И вот я прошла через весь парк и вышла к искомой скамейке. Мне навстречу встал высокий человек с сухим неярким лицом. Человек, растворяющийся в толпе мгновенно.
Он протянул мне руку. Я ответила нерешительным рукопожатием. И первые его слова были такие:
– Фу! Зачем протягивать вместо руки дохлую лягушку? Рукопожатие должно быть таким, чтобы я понял, кто передо мной. Уверенный в себе и расположенный ко мне собеседник или мокрая курица. Еще раз!
С того дня я уже не могу здороваться иначе.
Его ладонь была жестковатой, пальцы – цепкими, а рукопожатие в целом внушало ощущение уверенности и надежности.

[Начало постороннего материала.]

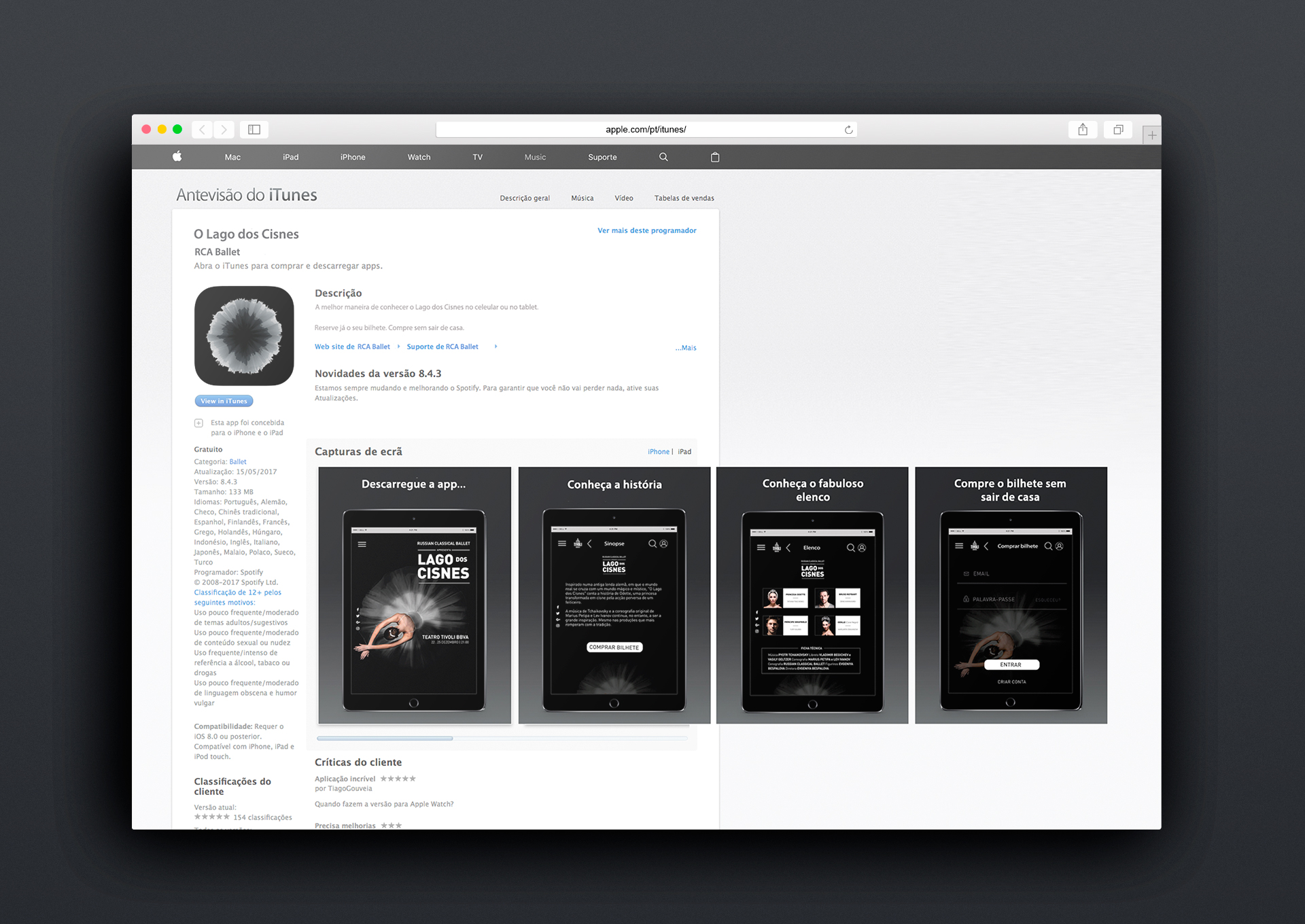 > Simulação da página da App na AppStore

– Хорошо, – одобрил он. – А теперь перейдем к делу. Начнем с погоды.
Я дико уставилась на него.
– По-английски, по-английски! – нетерпеливо объяснил он. – Должен же я знать, с кем имею дело!

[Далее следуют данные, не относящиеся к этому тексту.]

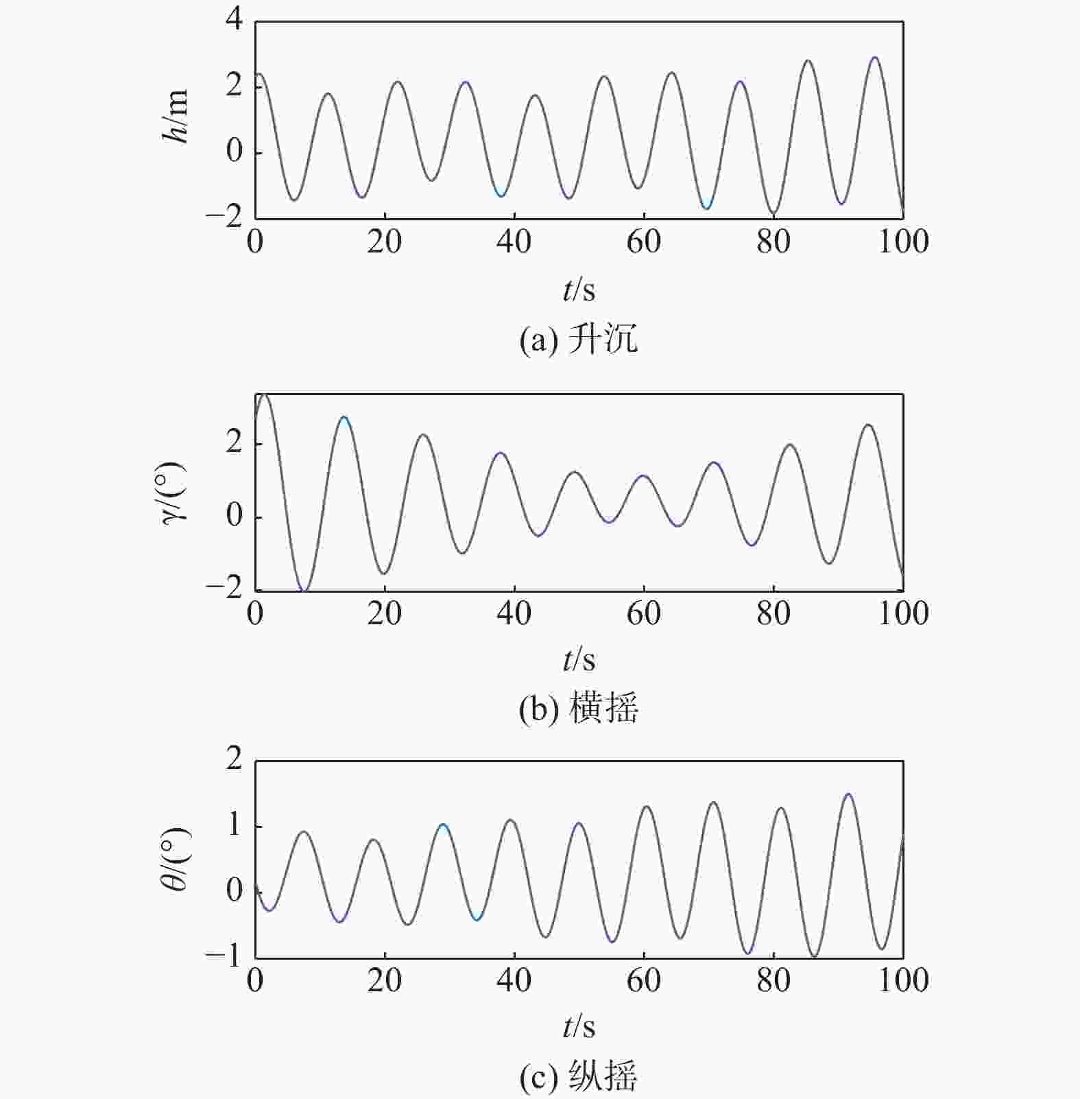 时间/s 升沉MSE/m 纵摇MSE/(°) 横摇MSE/(°) 4 0.024875 0.025589 0.029882 7 0.023695 0.036056 0.027329 10 0.029782 0.039349 0.043956 13 0.06856 0.076037 0.077719 16 0.089719 0.09724 0.095743 19 0.12533 0.14659 0.131588 表 2 舰载机瞬时状态
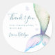 Sereia Tail Aniversário Obrigado Pelos Stickers. Cauda de Sereia de Aquarela em tons de verde-marinho, roxo e azul com sotaques de bolha fofinhos.
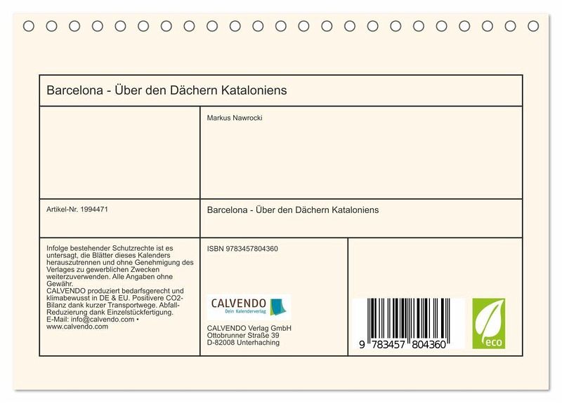 QUALITÄT - Hochwertiger Fotokalender mit 12 wunderschönen Motiven auf lichtbeständigem Bilderdruckpapier, robuste Spiralbindung.NACHHALTIG - deutliche Abfallreduzierung durch bedarfsgerechte Einzelstückfertigung, umweltfreundliches FSC-zertifiziertes Papier, Produktion in Deutschland, klimabewusste Logistik.PERFEKTES GESCHENK - Kalender für Freunde und Familie, für Kinder und Erwachsene, jung und alt, zu Weihnachten, Geburtstag oder zwischendurch.VIELFALT - Bildkalender in verschiedenen Formaten, z.B. DIN A5, DIN A4, DIN A3 sowie DIN A2. Ob Naturmotiv, Gemälde oder Fotos, ideal für ein persönliches Wohlfühlambiente.Die schönsten Aussichtspunkte über Barcelona von Autor(in): Markus Nawrocki
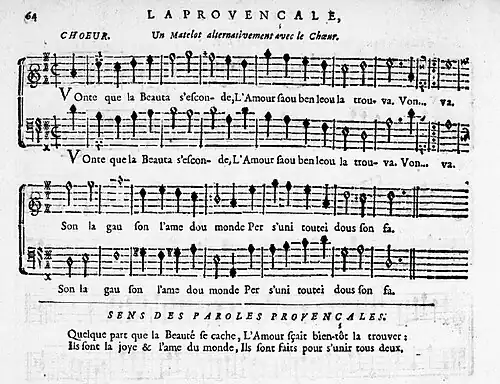 Le compositeur provençal Jean-Joseph Mouret inclut dans son opéra ballet Les Festes de Thalie des arias en provençal sur un livret de Joseph de La Font.
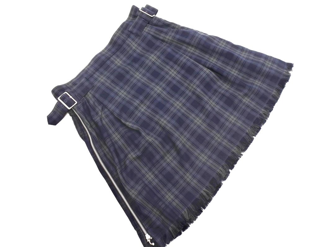 > RNA アールエヌエー チェック フリンジ タック Aライン 台形 スカート sizeM/グレー ◇■ ☆ fic2 レディース
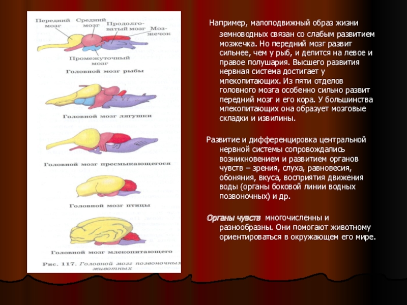 Например, малоподвижный образ жизни земноводных связан со слабым развитием мозжечка.
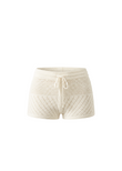 The Charlie Knit Short Cotton Patchwork Brule is a soft, medium length, pull-on knit short in a relaxed boxer-style silhouette. Designed with a high-rise elastic waistband, drawstring and pockets, these shorts are lightweight and endlessly versatile. Style with the matching Rowan Sweater for a cozy look perfect for lounging or over your favorite swim.
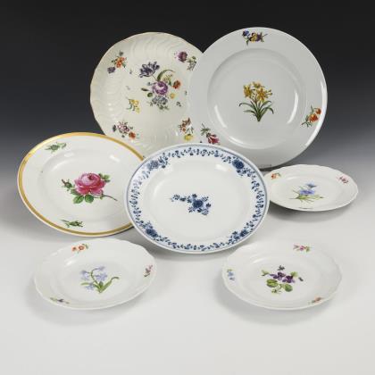 1 Schale und 6 Teller mit Blumenmalerei. Meissen.
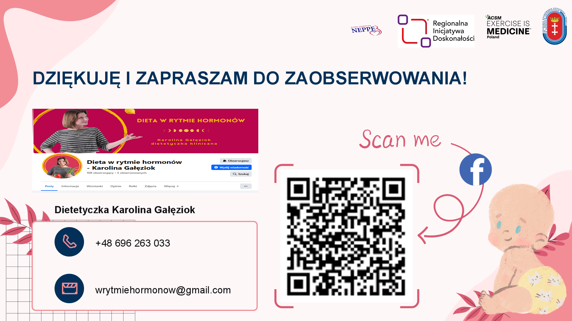 - 12.45-13.15 Wykład na temat żywienia w okresie okołociążowym – mgr Karolina Gałęziok (Akademia Wychowania Fizycznego i Sportu),

Я обвела взглядом окрестности и начала описывать пейзаж.
– Уму непостижимо! – прервал он меня. – Ты говоришь, как индус из Бомбея. Как будто тебя нарочно натаскивали.

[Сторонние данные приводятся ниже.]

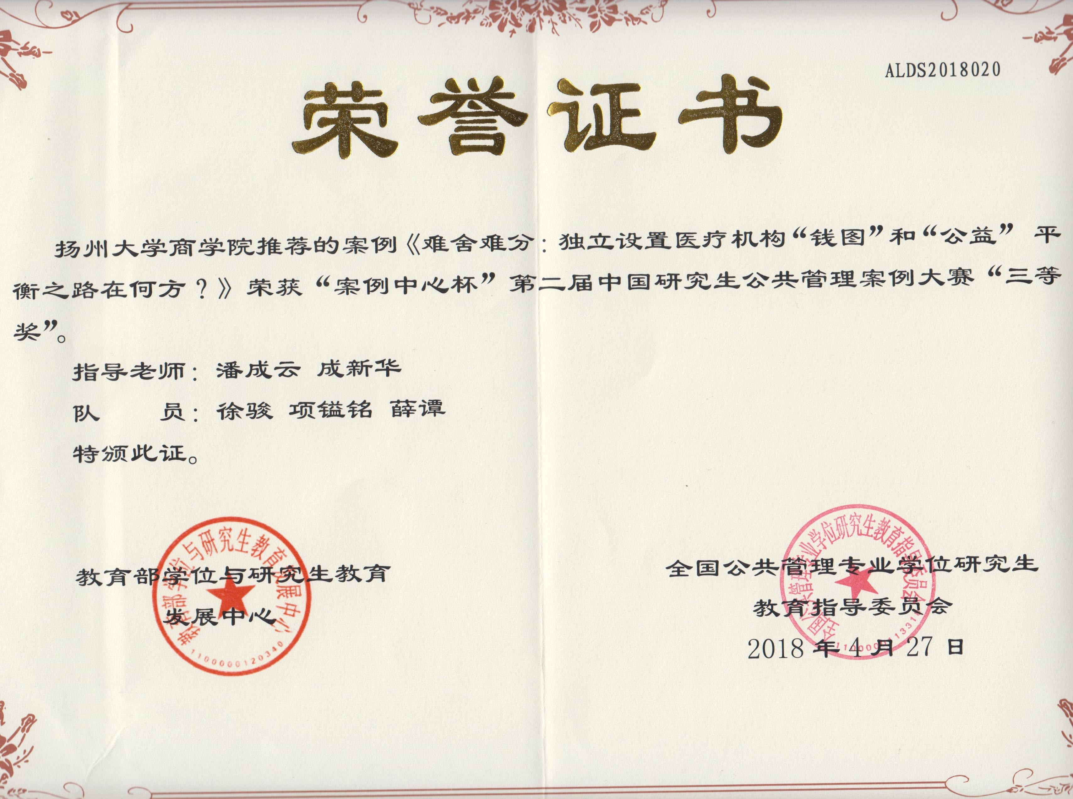 由我院2017级MPA学员徐骏、项镒铭、薛谭组成的代表队在潘成云教授、成新华教授指导下,对于扬泰地区独立设置医疗机构的案例进行了分析和研究,多次赴相关医疗机构进行实地调研,完成了题为《难舍难分:独立设置医疗机构“钱图”和“公益”平衡之路在何方?》的案例报告,从全国1091支参赛队伍中脱颖而出,晋级全国32强,荣获三等奖。
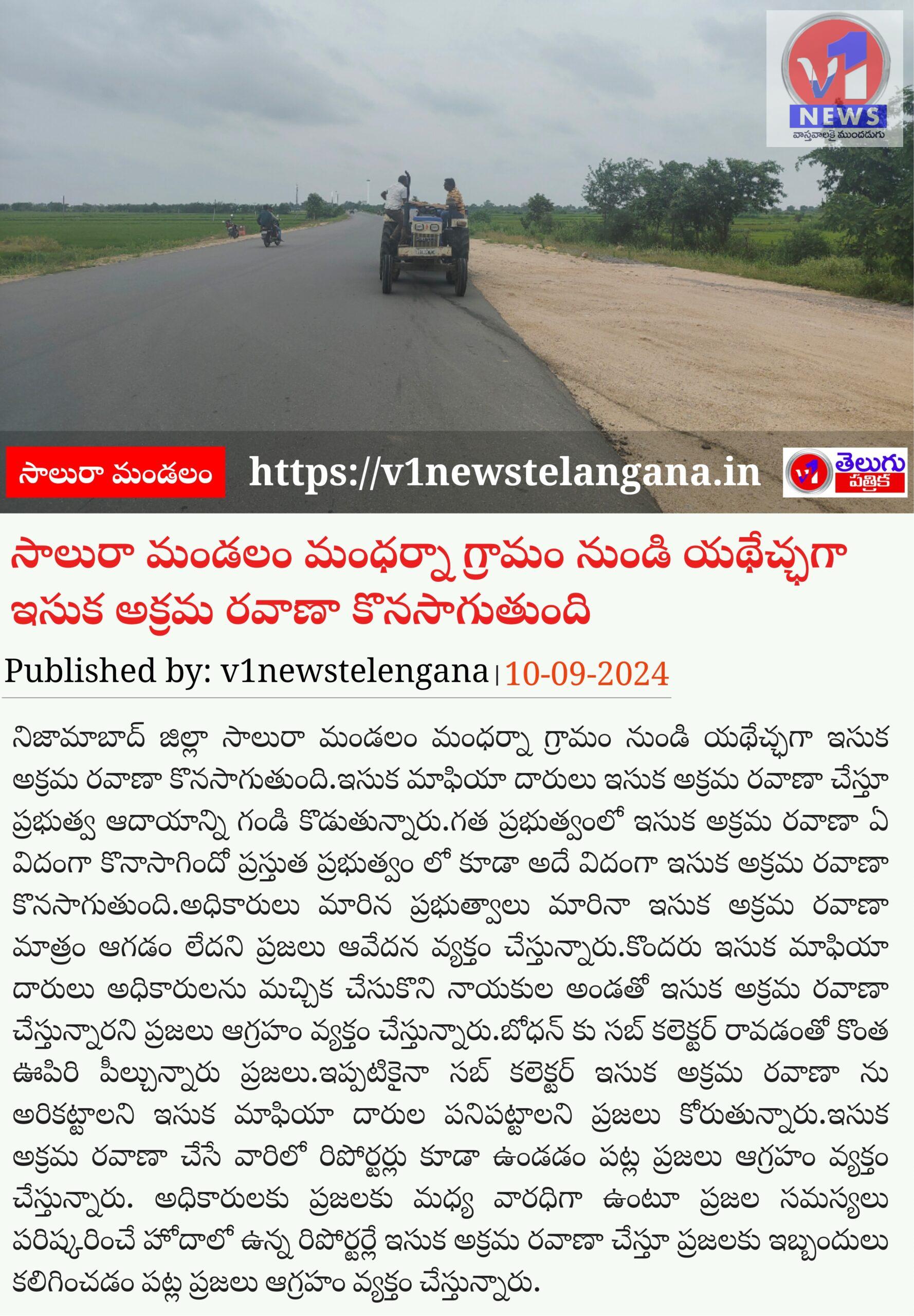 నిజామాబాద్ జిల్లా సాలురా మండలం మంధర్నా గ్రామం నుండి యథేచ్ఛగా ఇసుక అక్రమ రవాణా కొనసాగుతుంది.ఇసుక మాఫియా దారులు ఇసుక అక్రమ రవాణా చేస్తూ ప్రభుత్వ ఆదాయాన్ని గండి కొడుతున్నారు.గత ప్రభుత్వంలో ఇసుక అక్రమ రవాణా ఏ విదంగా కొనాసాగిందో ప్రస్తుత ప్రభుత్వం లో కూడా అదే విదంగా ఇసుక అక్రమ రవాణా కొనసాగుతుంది…
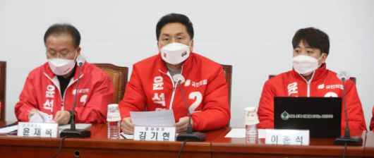 김기현 국민의힘 원내대표가 1일 오전 국회에서 열린 확대선거대책본부회의에서 발언하고 있다. (사진=연합뉴스) |

Тогда я решила, что Бомбей он приплел ради красного словца. Но через несколько лет, когда в Риге гостила индийская балетная труппа из Бомбея «Калакшетра», я говорила с ее хозяйкой, госпожой Энджели Мэр. Переводчица куда-то смылась, мне пришлось положиться на собственные силы, и я очень скоро убедилась – произношение у жительницы Бомбея в точности такое же скверное, как было у меня на втором курсе.
Ингарт поинтересовался, какого результата я хочу добиться.
Вопрос был странный – речь с самого начала шла о приличном английском произношении.
– Приличного произношения вообще не бывает, – отрубил он. – В Ливерпуле говорят не так, как в Манчестере. В маленьком Лондоне – и то прорва вариантов. Почитай Бернарда Шоу. Об Америке я уж не говорю. Хочешь блеснуть безукоризненной фонетикой штата Небраска?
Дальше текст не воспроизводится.